Exercise brief: Exactly the lines below from the line with "Spinklos; vervaardigd uit" through the line with "Cute girls' pajama" must make up the answer, both ends included and pictures left out.

Supplied information:
....
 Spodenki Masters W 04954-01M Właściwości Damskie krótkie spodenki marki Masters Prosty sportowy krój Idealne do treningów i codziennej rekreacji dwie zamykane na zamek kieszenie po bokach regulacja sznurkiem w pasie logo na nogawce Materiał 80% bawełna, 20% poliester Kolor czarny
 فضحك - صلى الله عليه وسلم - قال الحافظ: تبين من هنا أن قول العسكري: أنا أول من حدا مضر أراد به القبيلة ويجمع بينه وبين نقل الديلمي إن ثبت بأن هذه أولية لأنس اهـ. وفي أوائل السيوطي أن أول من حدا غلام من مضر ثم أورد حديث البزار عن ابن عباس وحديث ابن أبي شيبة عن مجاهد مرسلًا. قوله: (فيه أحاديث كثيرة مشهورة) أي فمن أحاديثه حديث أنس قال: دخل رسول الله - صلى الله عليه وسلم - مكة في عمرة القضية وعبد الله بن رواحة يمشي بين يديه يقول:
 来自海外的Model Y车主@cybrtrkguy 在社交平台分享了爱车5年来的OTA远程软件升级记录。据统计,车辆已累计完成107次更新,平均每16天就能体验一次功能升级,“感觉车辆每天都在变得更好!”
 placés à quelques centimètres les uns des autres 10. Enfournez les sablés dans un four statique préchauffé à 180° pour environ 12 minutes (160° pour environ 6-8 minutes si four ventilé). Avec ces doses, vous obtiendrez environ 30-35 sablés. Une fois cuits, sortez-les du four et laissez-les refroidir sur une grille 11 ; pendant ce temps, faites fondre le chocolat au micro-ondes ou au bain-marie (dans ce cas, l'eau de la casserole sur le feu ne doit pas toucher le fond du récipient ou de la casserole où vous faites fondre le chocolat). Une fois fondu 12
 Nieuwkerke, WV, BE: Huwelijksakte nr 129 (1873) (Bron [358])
....
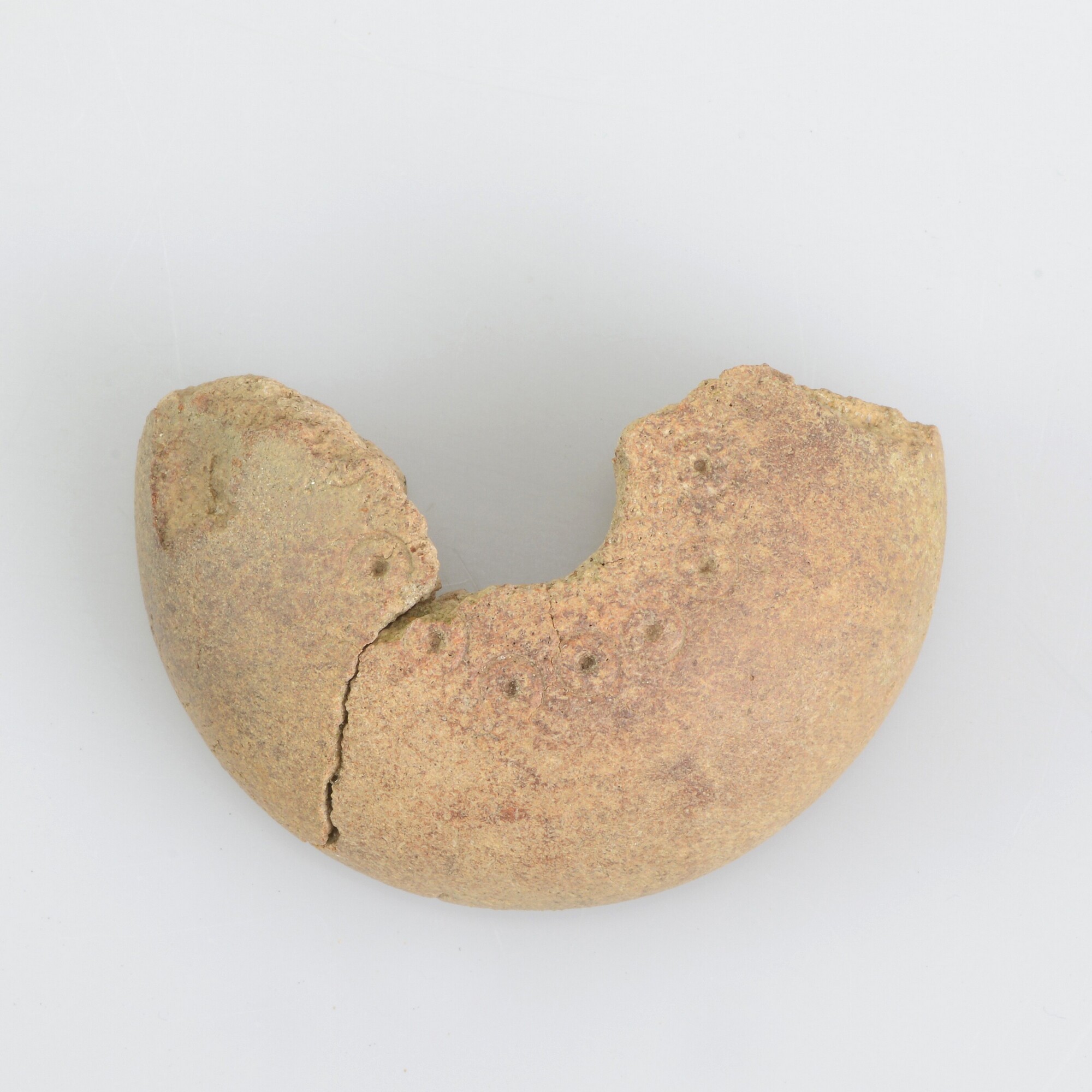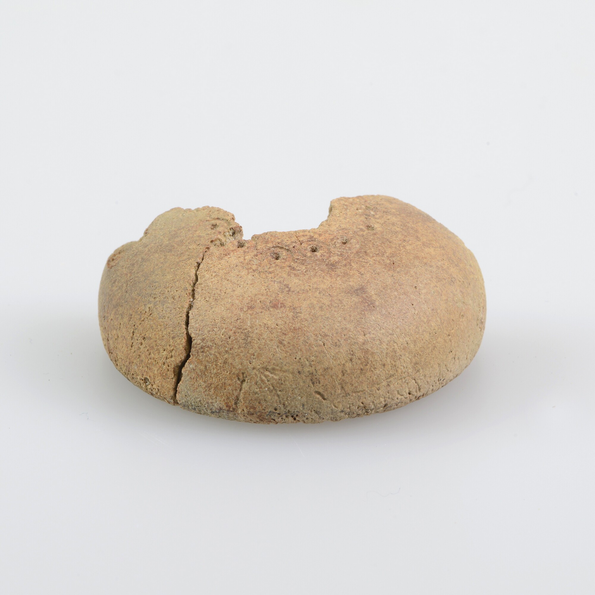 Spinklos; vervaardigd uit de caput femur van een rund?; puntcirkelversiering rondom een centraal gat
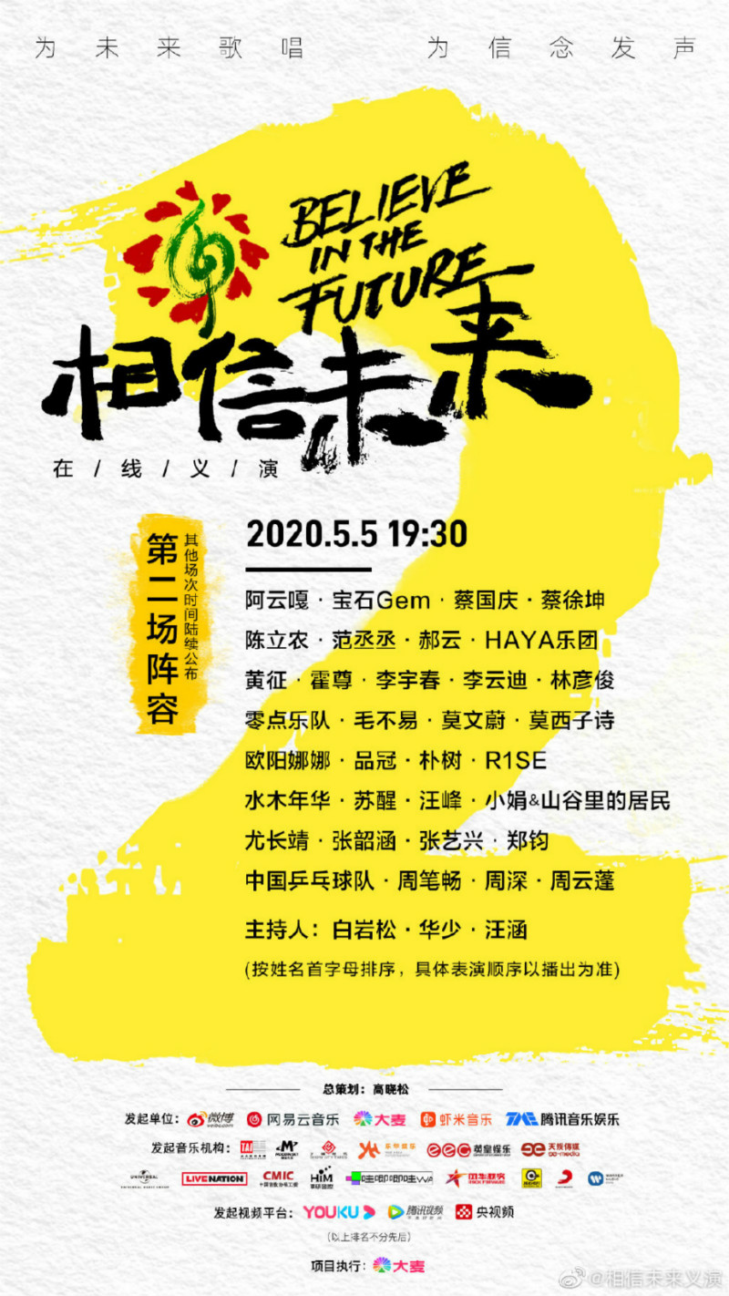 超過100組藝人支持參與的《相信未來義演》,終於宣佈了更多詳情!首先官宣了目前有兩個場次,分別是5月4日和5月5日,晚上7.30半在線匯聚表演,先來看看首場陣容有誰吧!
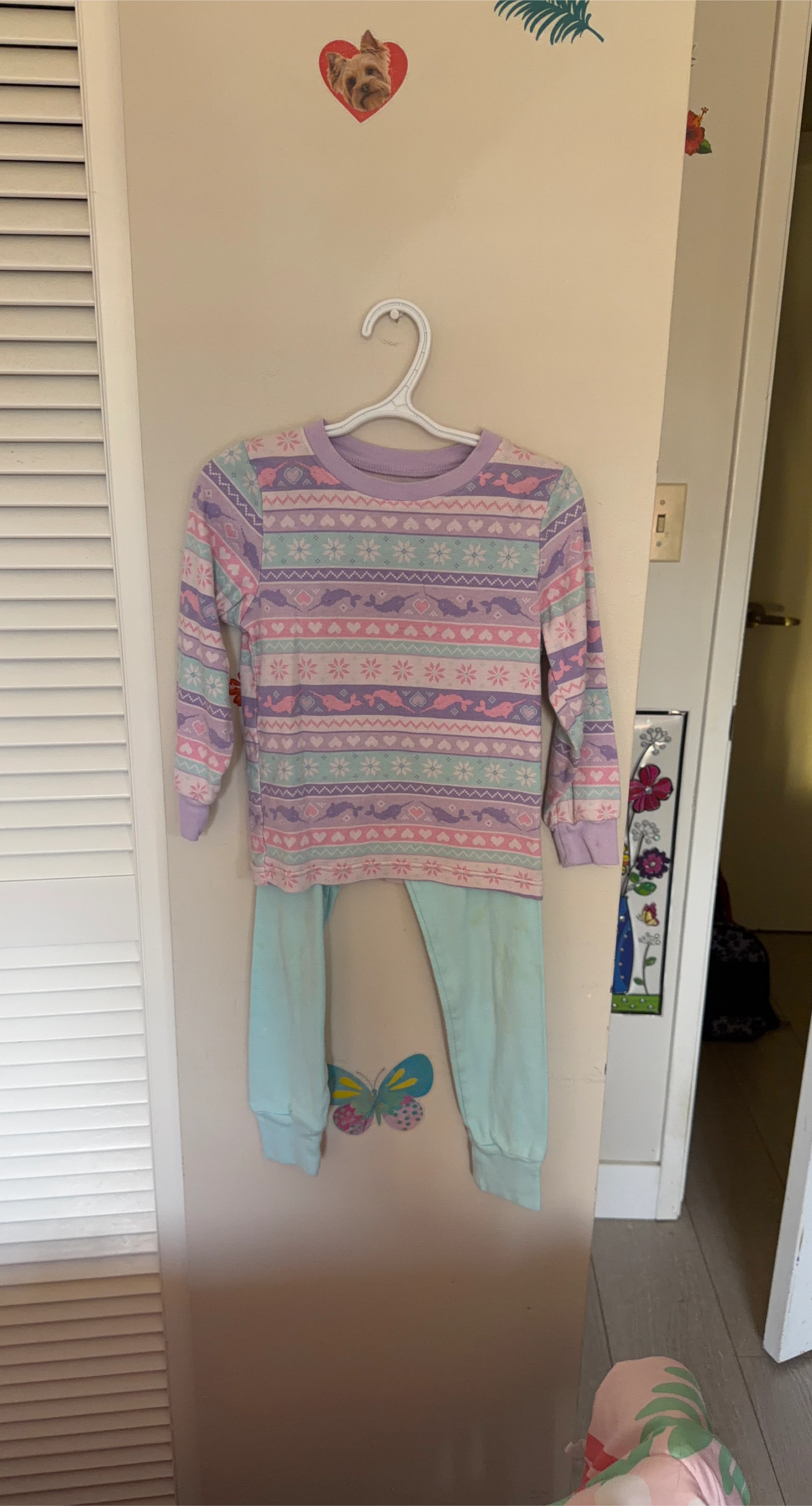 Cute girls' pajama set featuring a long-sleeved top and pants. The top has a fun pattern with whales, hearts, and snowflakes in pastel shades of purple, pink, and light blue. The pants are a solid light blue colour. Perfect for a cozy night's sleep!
....
Reply to the exercise:
 Spinklos; vervaardigd uit de caput femur van een rund?; puntcirkelversiering rondom een centraal gat
 超過100組藝人支持參與的《相信未來義演》,終於宣佈了更多詳情!首先官宣了目前有兩個場次,分別是5月4日和5月5日,晚上7.30半在線匯聚表演,先來看看首場陣容有誰吧!
 Cute girls' pajama set featuring a long-sleeved top and pants. The top has a fun pattern with whales, hearts, and snowflakes in pastel shades of purple, pink, and light blue. The pants are a solid light blue colour. Perfect for a cozy night's sleep!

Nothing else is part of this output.